Issue
-
In a CloudBees Jenkins Enterprise cluster the marathon service is not able to start
If you execute this command on the controllers:
systemctl status marathon.service
you get this log:
marathon.service - Scheduler for Apache Mesos Loaded: loaded (/usr/lib/systemd/system/marathon.service; enabled; vendor preset: disabled) Active: inactive (dead) (Result: exit-code) since ..... Process: .... ExecStartPre=/bin/mkdir -p /run/marathon (code=exited, status=217/USER)
Resolution
This error is usually related to Marathon package included in the OS being in an unsupported version for CloudBees Jenkins Enterprise
This usually happens when the OS is updated which can involve the update of some other packages. CloudBees Jenkins Enterprise need of a specific set of packages in a specific version deppending on the version of CloudBees Jenkins Enterprise.
When this happens is usual that there are other packages in different versions.
How to check it:
-
From a PSE support bundle we need to get the "project.config" file.

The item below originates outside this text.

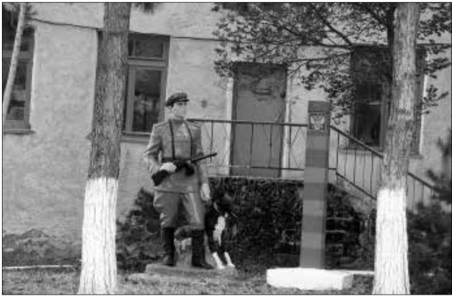
ՍԿԻՉԲԸ ԷՋ 1

անցնել սահմանը, մեզ անկասկած հայտնի կլինի, եւ մենք կկանգնենք սահմանախախտի ճանապարհին: Իսկ այս պահի դրությամբ կասեմ, որ ամեն ինչ հանգիստ է: Ինչ վերաբերում է տեղի բնակչությանը, ապա նրա հետ նույնպես համագործակցում ենք եւ մշտապես զգում մարդկանց աջակցությունը:

Inside that file we need to check the "[tiger]" section and review the packages showing after the "version" key.
... [tiger] ... version = 1.11.7 ami_version = 1.11.7 mesos_version = 0.28.2\* zookeeper_version = 3.4.6\* marathon_version = 0.15.3\* docker_version = 1.13.1\* topbeat_version = 1.1.0\* pythonpip_version = 1.5.4\* nvme_version = 0.2.19\*
Once we have the version of the packages, we need to check the values on the different servers of the cluster.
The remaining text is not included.